In Galatians 1:10, the Apostle Paul asks a semi-rhetorical question: “Am I now trying to win the approval of men, or of God?”   

 At this time of the year most of us see the opportunity for a new start. Whether you are one who makes New Year’s Resolutions or not, there seems to be a sense of a“Do Over” that comes almost as soon as that ball drops in Times Square, and the Bowl season begins to make way for the roundball & puck.   

The Apostle’s question raises another, more fundamental question: Who is it that we are to live to please?  

I want that to be a question that will be given consideration for this new year (… and every year).  

It would not be appropriate to suppose Paul suggests affirmation from the people around us is a bad thing.

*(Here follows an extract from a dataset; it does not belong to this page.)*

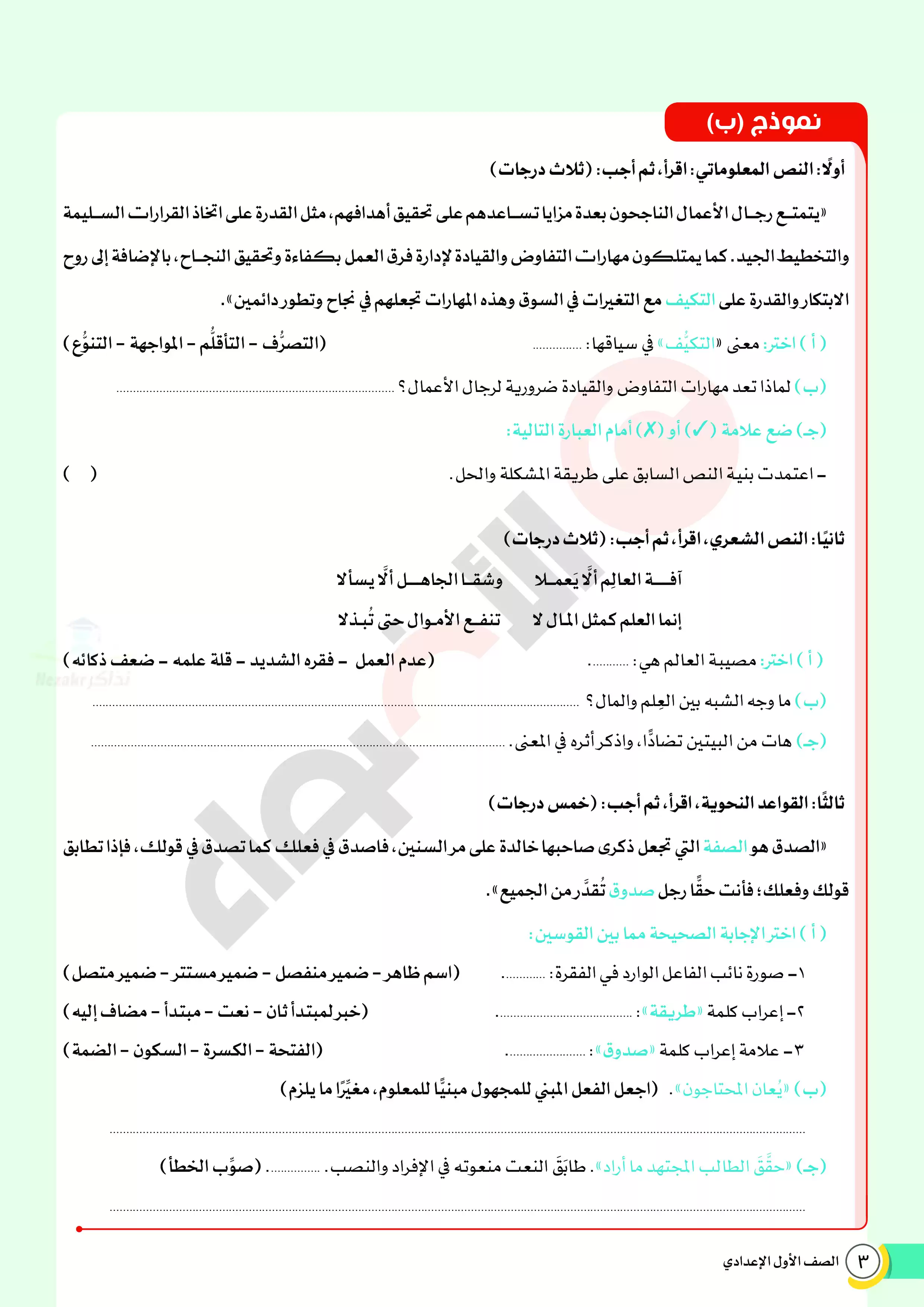 صفحة 3 من 14 صفحة من ملف: اختبارات الأضواء الاسترشادية في العربي للصف الاول الاعدادي مقرر أبريل 2025 بالاجابات - Nezakr

On many occasions Paul expressed his thankfulness for having been well received, for the friendships he enjoyed with many among whom he had lived and labored.  Yet his question should remind us: “The primary purpose of man is to glorify and enjoy God”. (Westminster Shorter Catechism, Q. 1)

While earning esteem at work, in your neighborhood, or among family members may often be a good thing, Paul reminds us that it is when this is our driving motivation that we may be out of accord with the very purpose for which we are created, and for which we are redeemed.   

So how do we know when we are falling into this? (Yes, when, not if.)   

The great English Puritan, Richard Baxter, provides us with some thoughts, and exhorts us: “See therefore that you live for God’s approval as that which you chiefly seek, and as that will suffice you.”

You may discover yourself by these signs: 

  1. You will be careful to understand the Scripture, to know what pleases and displeases God
  2. You will be more careful in the doing of every task, to fit it to the pleasure of God rather than men.
  3. You will look to your hearts, and not only to your actions; to your goals, and thoughts, and the inward manner and degree.
  4. You will look to secret duties as well as public, and to that which men do not see as well as those which they see.
  5. You will revere your conscience, paying close attention to it, and not slighting it; when it tells you of God’s displeasure, it will disquiet you; when it tells you of His approval, it will comfort you.
  6. Your pleasing men will be charitable for their good, and pious (holy) in order to please God, not proud and ambitious for your honor among men, nor impious against the pleasing of God.

Baxter Goes on to say:

Whether men are pleased or displeased, how they judge you or what they call you, will seem a small matter to you, as their own interests, in comparison to God’s judgment. You don’t live for them. You can bear their displeasure, and comments, if God is pleased.